Eileen Marjory Fitzer (29 March 1902 – 27 August 2002) was an Australian nursing sister, political activist and Northern Territory pioneer.

== Early life ==
She was born at Brock's Creek, near Pine Creek, and was the youngest of 5 children born to Tom and Eleanor Styles. Her father was the underground manager for the Zapopan Mine, a gold mine, and she would later recall a happy childhood with a lot of singing and dancing. When Fitzer was 7 she travelled with her mother and sister Myrtle so that her mother could be treated for cancer, unfortunately the cancer was too advanced, and they returned to the Northern Territory where she died in 1910; she was only 36 years old.

== Career ==
In 1928 Fitzer attended nursing training in Melbourne but did not find that life there suited her.

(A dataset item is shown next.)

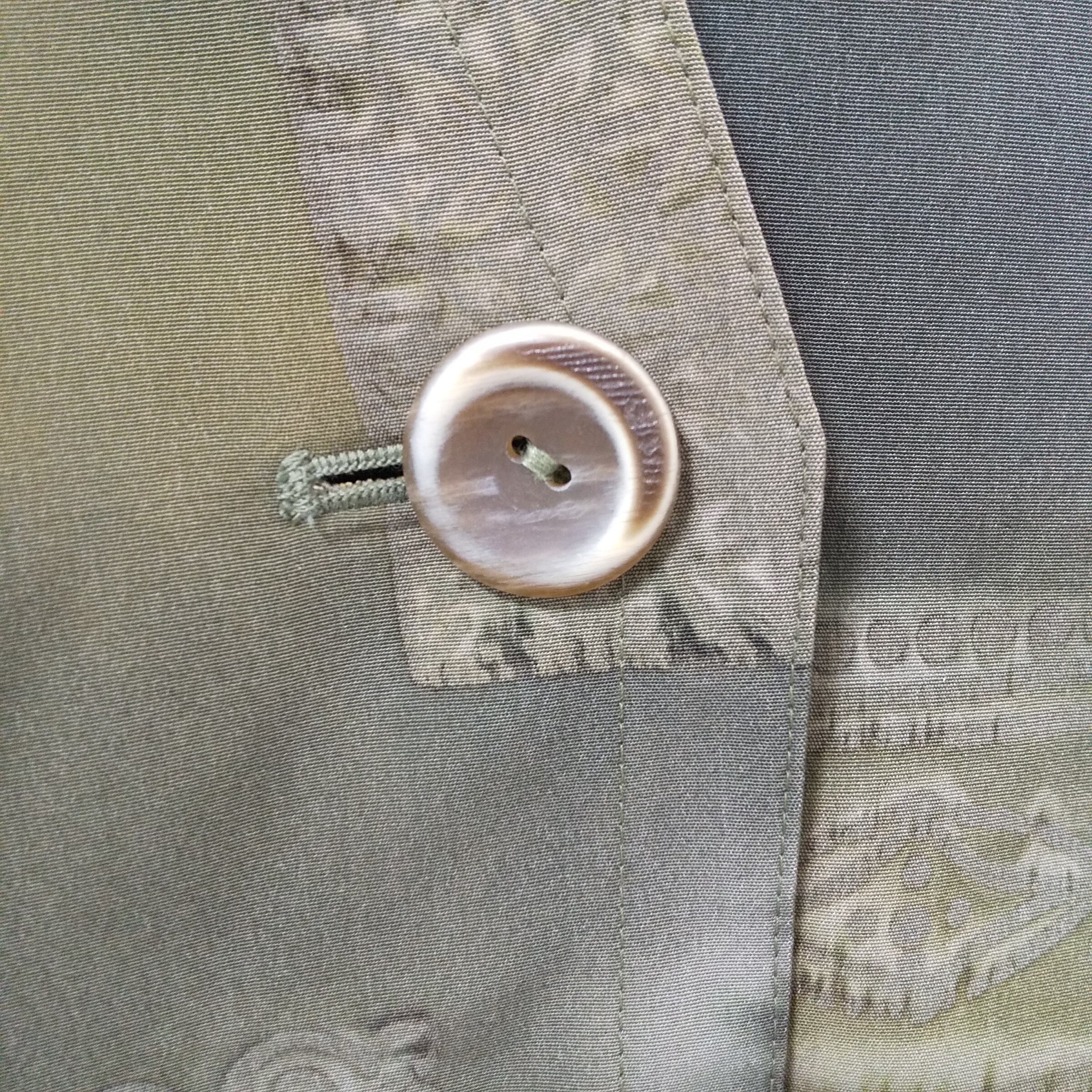 迅速かつ丁寧に対応させていただきます。オリーブグリーンのシルクのような光沢感のあるテーラードジャケット、ボタン付きのVネックデザイン。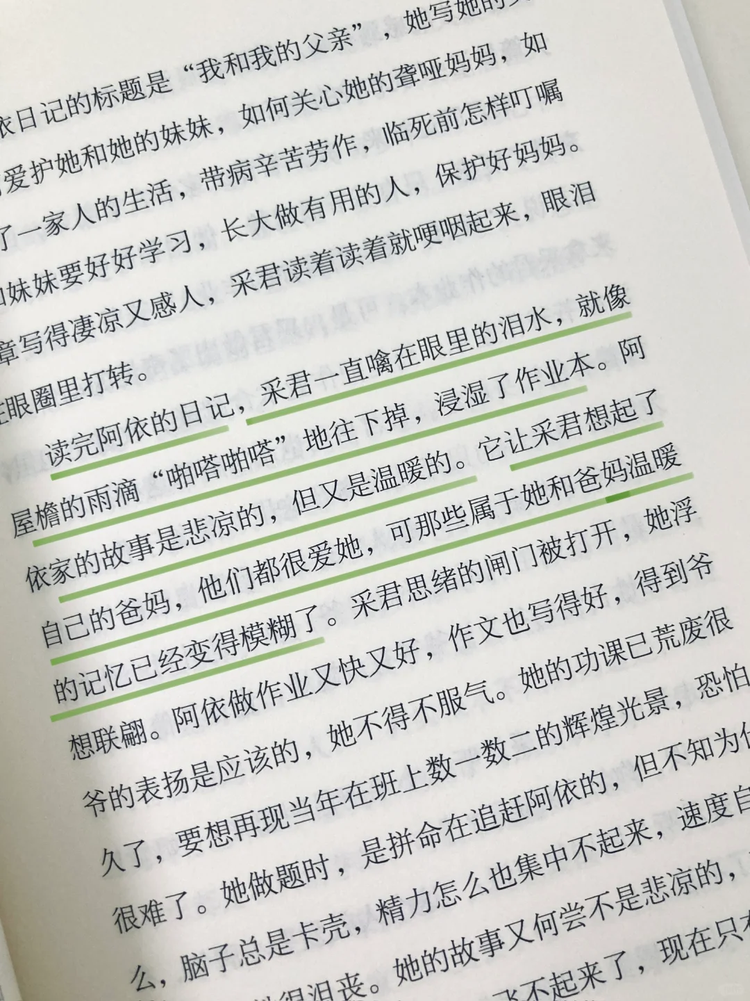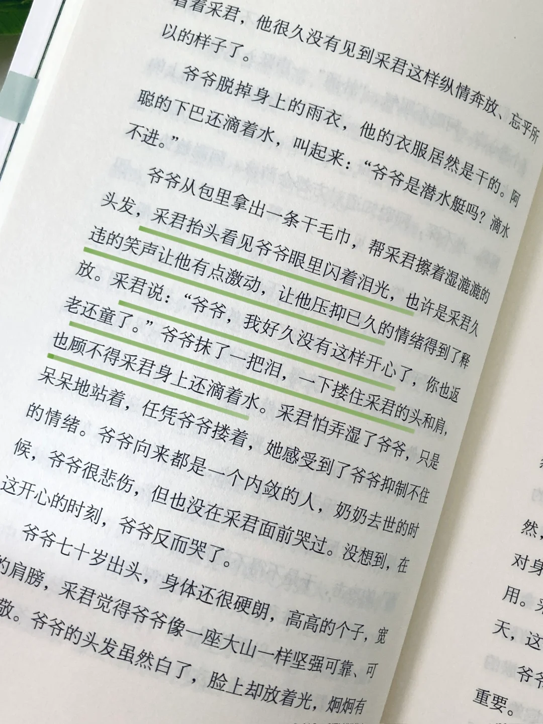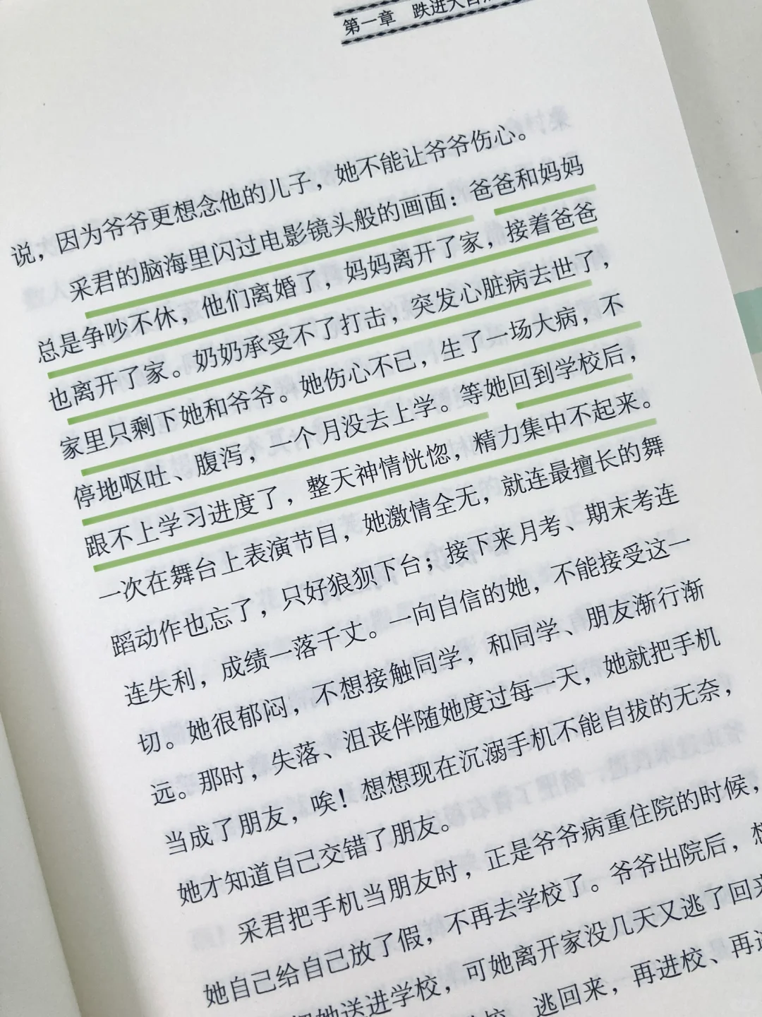 😔书中采君的父母分开了,奶奶突发心脏病去世了,家里只剩下她和爷爷两个人。从此采君在生活上和学习上都一蹶不振,反复几次都不想上学,爷爷便想带她出去走走,换换环境。

On the completion of her studies she moved to Alice Springs from 1932 - 1934 to work as a nursing sister at The Bungalow, a home for Aboriginal children, there she also performed a teaching role. In her oral history she recalls this as being a very happy time. While she was there a severe trachoma epidemic broke out, they then called the condition 'sandy blight' and she spent several weeks in isolation at the Heavitree Gap Police Station while she, and her two teenage assistants from The Bungalow, treated those affected. 17 children were in isolation with them and were mostly made up of children from The Bungalow and the children of Afghan cameleers and adults would come daily for their treatment but were not kept there; Reverend Harry Griffiths also cared for an estimated 100 adults within the town itself. They treated the affected with mercury drops.

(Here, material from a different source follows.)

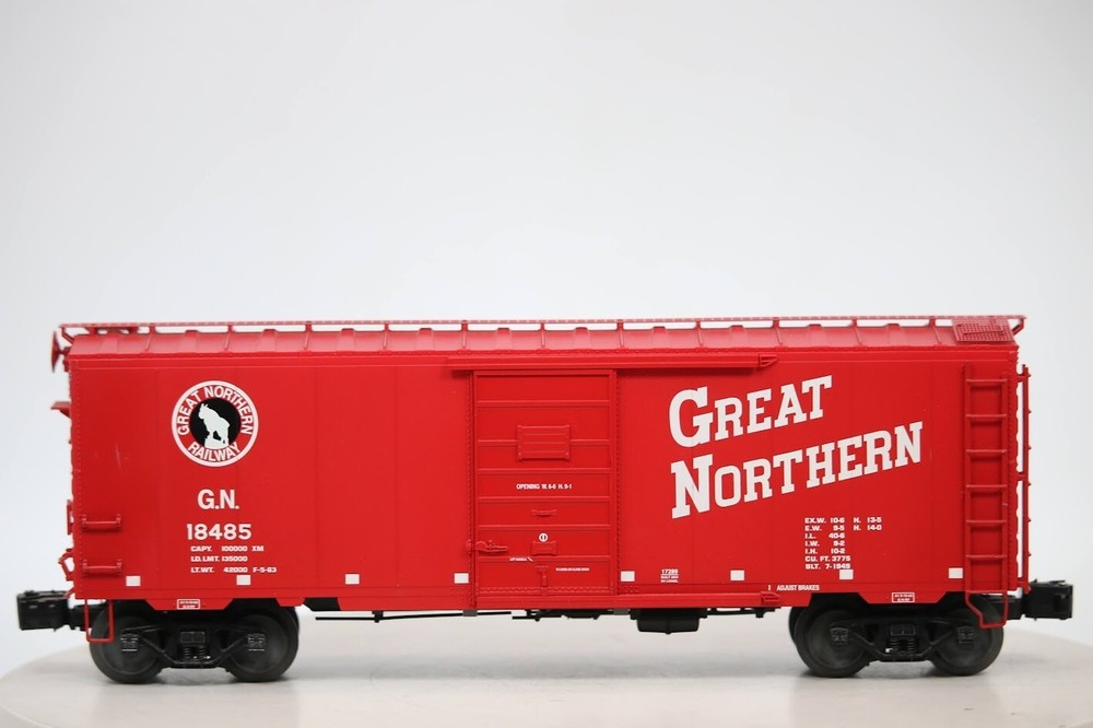 MTH Railking O Gauge Trains #34028 Great Northern Box Car 30-74729 SKU#009880 MTH RailKing O Gauge Great Northern Box Car #18485 – Used, Excellent Condition Elevate Your Freight with Great Northern Heritage Add railroading authenticity to your O gauge layout with this MTH RailKing box car , beautifully decorated in the classic Great Northern Railway livery. Known for its remarkable stability and smooth rolling performance, this 40-foot box car brings both operational reliability and historic appeal to your consist. Why This Great Northern Box Car Hits the Mark Iconic Railroad Branding : Adorned with the distinctive Great Northern logo and color scheme, evoking the legacy of one of America’s western railroads. RailKing Build Quality : Durable trucks, a weighty metal body, and smooth couplers deliver dependable performance on modern O gauge layouts. Used, Excellent Condition (C-8) : Lightly handled, showing minimal signs of use. A quick polish or dusting can make it pop like new. Collector-Friendly Piece : Strong balance of nostalgia, scale accuracy, and operational reliability for hobbyists and rail enthusiasts alike. Collector Appeal Perfect for Great Northern themed consists , mountain-era freight runs, or mixed western displays. Provides visual contrast and authenticity next to steam or diesel era locomotives. A superb option for both serious modelers and casual collectors—great value retained thanks to its condition and performance. Product Details Feature Description Brand MTH RailKing Model Number #18485 Livery Great Northern Railway Scale O Gauge (1:48) Condition Used, Excellent (C-8) Region Compatible with Lionel and MTH layouts Shipping & Returns Ships securely and quickly from Ithaca, NY 30-day free returns —shop with confidence Combined shipping available —stack and save on multiple items Why Collectors Trust CHOO CHOO BOYS Top Rated Plus Seller with 99% positive feedback Over 12,000 successful sales of model trains, die-cast, and collectibles Specialists in MTH, Lionel, vintage trains, and hobby treasures Fast handling, careful packaging, and collector-grade service in every order This MTH RailKing Great Northern box car isn’t just freight—it’s a rolling tribute to western rail history, wrapped in RailKing durability and classic design. PLEASE READ BEFORE PURCHASING Condition: Please review all photos carefully for details on the item's condition. Photos are part of the description, and any notable flaws will be highlighted. Combined Shipping: If purchasing multiple items, request a revised invoice before paying to ensure accurate combined shipping costs. eBay's system may not calculate this correctly, leading to overcharges. Lighting Disclaimer: Photos are taken under bright lighting to highlight details, which may cause slight variations in color or hue depending on your lighting. If you need additional photos (e.g., in natural light) or more details, please ask before purchasing. As-Is Items: Items come AS-IS. The way they appear in our pictures is how the Item will arrive to you. What's Included: Only the items shown in the photos and described in the listing are included in the purchase. We strive to describe items thoroughly and provide clear photos. If you have any questions or concerns not addressed in the listing, feel free to ask before purchasing. Thank you for shopping with us!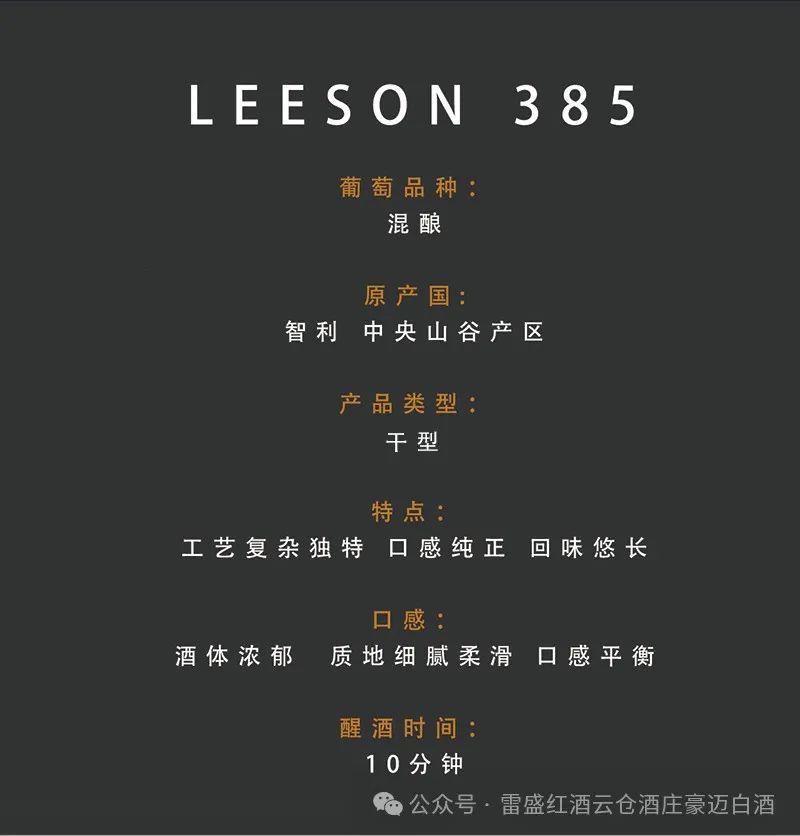 雷盛385智利干红葡萄酒

She was later transferred and promoted to Sister-In-Charge at Pine Creek Hospital in 1934. In 1936, following the shock death of her sister Gertrude, she married longtime friend Harry Gribbons in Darwin; she was distressed following her sister's death and decided she did not want to be alone any longer. She affectionately referred to Harry as her "wild Irishman". During their marriage she spent time working at the Channel Island Leprosarium.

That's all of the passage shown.